IEA move to have minor long term impact

Oil prices dropped almost 5% on Thursday after the International Energy Agency announced it would release 60 million barrels of oil from reserves, but analysts say the long term impact will be minor.

According to Nobuo Tanaka, Executive Director at International Energy Agency (IEA), 28 IEA countries agreed to release 60 billion barrels out of 4.1 billion barrels of its total stock in the coming month to cover the shortage caused by unrest in Libya, as well as to provide for a seasonal increase in demand. According to the IEA estimates, about 132 mb of light, sweet crude oil was taken from the market due to Libyan conflicts by the end of May, which needed to be urgently addressed to avoid another collapse in fragile recovering economies.

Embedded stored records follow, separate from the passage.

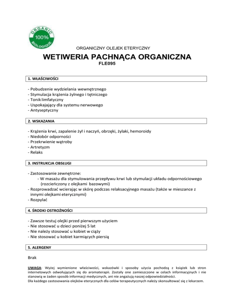 ORGANICZNY OLEJEK ETERYCZNY WETIWERIA PACHNĄCA ORGANICZNA FLE095 1. WŁAŚCIWOŚCI - Pobudzenie wydzielania wewnętrznego - Stymulacja krążenia żylnego i tętniczego - Tonik limfatyczny - Uspokajający dla systemu nerwowego - Antyseptyczny 2. WSKAZANIA - Krążenia krwi, zapalenie żył i naczyń, obrzęki, żylaki, hemoroidy - Niedobór odporności - Przekrwienie wątroby - Artretyzm - Relaks 3. INSTRUKCJA OBSŁUGI - Zastosowanie zewnętrzne: - W masażu dla stymulowania przepływu krwi lub stymulacji układu odpornościowego (rozcieńczony z olejkami bazowymi) - Rozprowadzać wcierając w skórę podczas relaksacyjnego masażu (także w mieszance z innymi olejkami eterycznymi) - Rozpylać 4. ŚRODKI OSTROŻNOŚCI - Zawsze testuj olejki przed pierwszym użyciem - Nie stosować u dzieci poniżej 5 lat - Nie należy stosować u kobiet w ciąży - Nie stosować u kobiet karmiących piersią 5. ALERGENY Brak UWAGA: Wyżej wymienione właściwości, wskazówki i sposoby użycia pochodzą z książek lub stron internetowych odwołujących się do aromaterapii. Zostały one zamieszczone w celach informacyjnych i nie stanowią w żaden sposób informacji medycznych, ani nie angażują naszej odpowiedzialności. Dla każdego zastosowania olejków eterycznych dla celów terapeutycznych należy skonsultować się z lekarzem.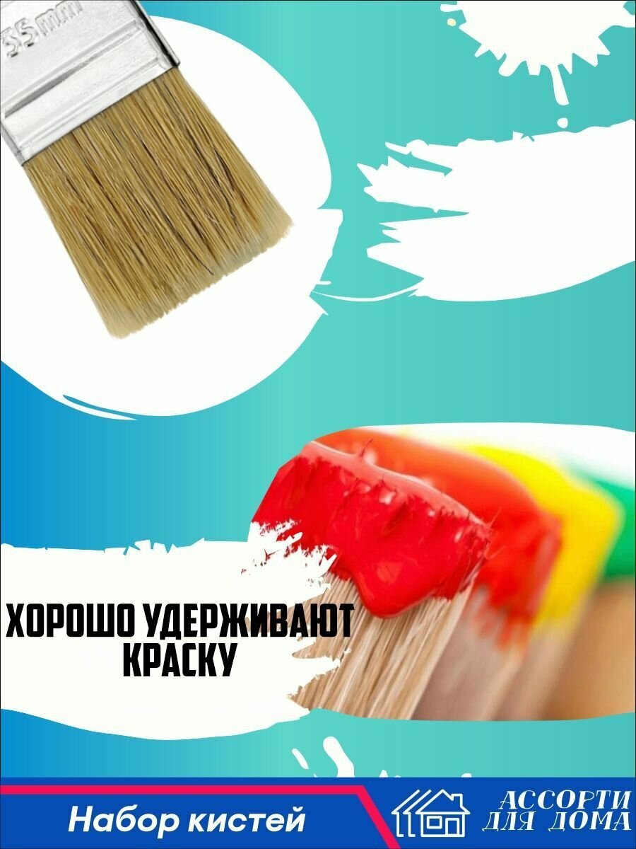 Кисти малярные флейцевые 3 шт, 50 мм, 35 мм, 25 мм, натуральная щетина / кисти плоские для краски интересное: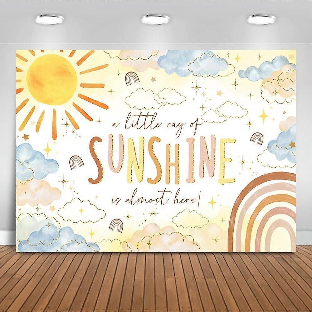 Custom Sunshine Baby Shower Backdrop, A Little Ray of Sunshine, Boho Rainbow Cloudy Decor, Banner Photo Studio Props (7x5ft)
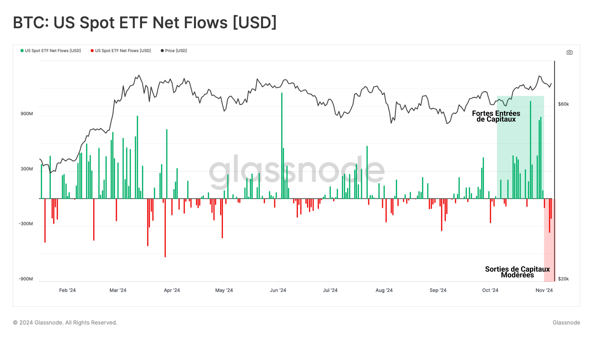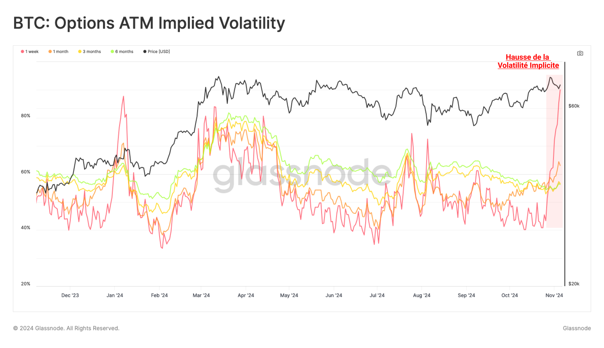 Dans le sillage de l'élection présidentielle très attendue au États-Unis, le BTC a atteint un nouvel ATH de 75 4000 dollars. La volatilité infuse les marchés options et les entrées de capitaux on-chain continuent d'augmenter, ce qui suggère la présence d'une nouvelle demande persistante.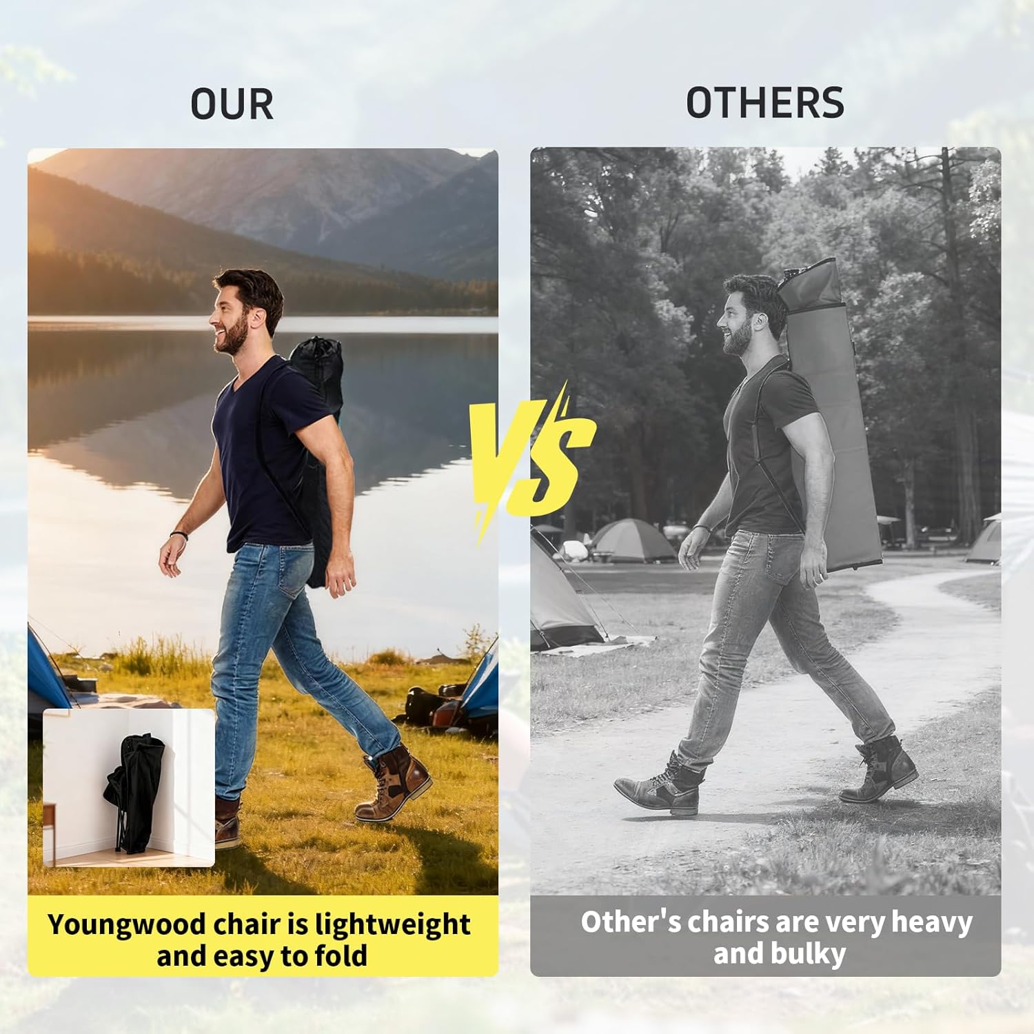 【Portable and Easy to Assemble】No worries about assembly and carrying. Setting up this chair is quick and effortless—simply take it out of the carrying bag and expand the frame to enjoy the comfort it provides. When folded, it measures only 39×6.2×6.2in and weighs a mere 11lbs, making it easy to embark on a pleasant journey.

Talking to Business RT, Nick Parsons, head of research at National Australia Bank, said the IEA wanted to tackle inflation as well as to balance OPEC’s monopoly power.

“There are two reasons. The first of these relates to the global economy and bearing in mind that central banks and governments around the world are fairly alarmed of the prospect of rising inflation, where oil prices are a major contributory factor, they certainly don’t want to drive their economies back into recession as a bite, over tightening interest rates to deal with inflation. So, working directly at the root cause of these price increases, I think, is a very shrewd move. So, the first reason is that because they are concerned with inflation, I think, the second reason is that they wanted to show that the balance of power across the world doesn’t lie entirely with OPEC. And, I think, that the OPEC decision that was taken 50 days ago not to increase production did actually upset a lot of people around the world. So, partly it’s about power, it’s also about inflation.”

However, presidential aide Arkady Dvorkovich says the move won’t affect the market too much.

"This is nothing threatening. Prices are high. This decline is not dangerous. Greater openness is good for the market. The market will be more stable," he said.

And Ivan Donchakov, an analyst from Investcafe, also says the impact on oil prices will be minor.

“I think, that 60 million of barrels is extremely little on a worldwide scale. The world oil demand in 2011 will on average be at 88 million barrels round the clock, so I don’t think the IEA decision will stop the growth of oil prices for a long time. According to our forecasts, the average oil price in 2011 will be at $115/bbl, Brent.”